The pictures in the data below are to be omitted; all else must be duplicated exactly.

### Data below
==*==
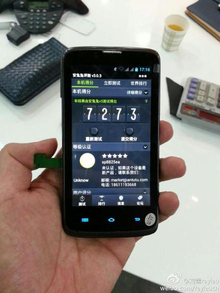 有关展讯第一款TD-SCDMA双核芯片“Tiger”传闻一直不断,但却一直“只闻其声,未见其身”。根据近日微博网友爆料,这款代号虎的芯片或将离“下山”之日不远了。日前,新浪认证为“深圳展维锋通讯技术有限公司多媒体事业部总经理”的刘雷发布了一条微博,并配有一张工程样机运行安兔兔跑分软件测试的截图,刘雷在微博中称“SP8825,7273分,Tiger很能跑”,很显然这个SP8825就是指展讯的双核TD芯片“Tiger”,微博配图中显示搭载了SP8825的手机安兔兔跑分为7273,对于双核芯片来讲,这个跑分显然不错(联发科双核芯片MT6577安兔兔跑分在6000分左右),而且刘雷也表示“很能跑”,可见Tiger的性能表现不俗。
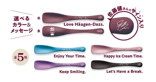 「絶対もらえる 40周年キャンペーン」第1弾では、ハーゲンダッツをご購入いただいたお客様にもれなく「佐藤健さんサイン入りオリジナル熱伝導スプーン」をプレゼントします。ご応募いただく際、全5種類のうちから、お好きな種類をおひとつお選びいただけます。
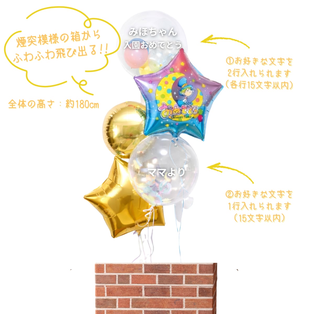 2つの透明のバルーンには、お好きなお名前やメッセージをお入れできます。
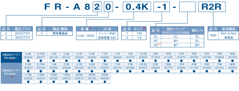 - *1インバータ定格電流(SLD定格)を表した形名も用意しています。
==*==
### Output of the exercise
 有关展讯第一款TD-SCDMA双核芯片“Tiger”传闻一直不断,但却一直“只闻其声,未见其身”。根据近日微博网友爆料,这款代号虎的芯片或将离“下山”之日不远了。日前,新浪认证为“深圳展维锋通讯技术有限公司多媒体事业部总经理”的刘雷发布了一条微博,并配有一张工程样机运行安兔兔跑分软件测试的截图,刘雷在微博中称“SP8825,7273分,Tiger很能跑”,很显然这个SP8825就是指展讯的双核TD芯片“Tiger”,微博配图中显示搭载了SP8825的手机安兔兔跑分为7273,对于双核芯片来讲,这个跑分显然不错(联发科双核芯片MT6577安兔兔跑分在6000分左右),而且刘雷也表示“很能跑”,可见Tiger的性能表现不俗。
 「絶対もらえる 40周年キャンペーン」第1弾では、ハーゲンダッツをご購入いただいたお客様にもれなく「佐藤健さんサイン入りオリジナル熱伝導スプーン」をプレゼントします。ご応募いただく際、全5種類のうちから、お好きな種類をおひとつお選びいただけます。
 2つの透明のバルーンには、お好きなお名前やメッセージをお入れできます。
 - *1インバータ定格電流(SLD定格)を表した形名も用意しています。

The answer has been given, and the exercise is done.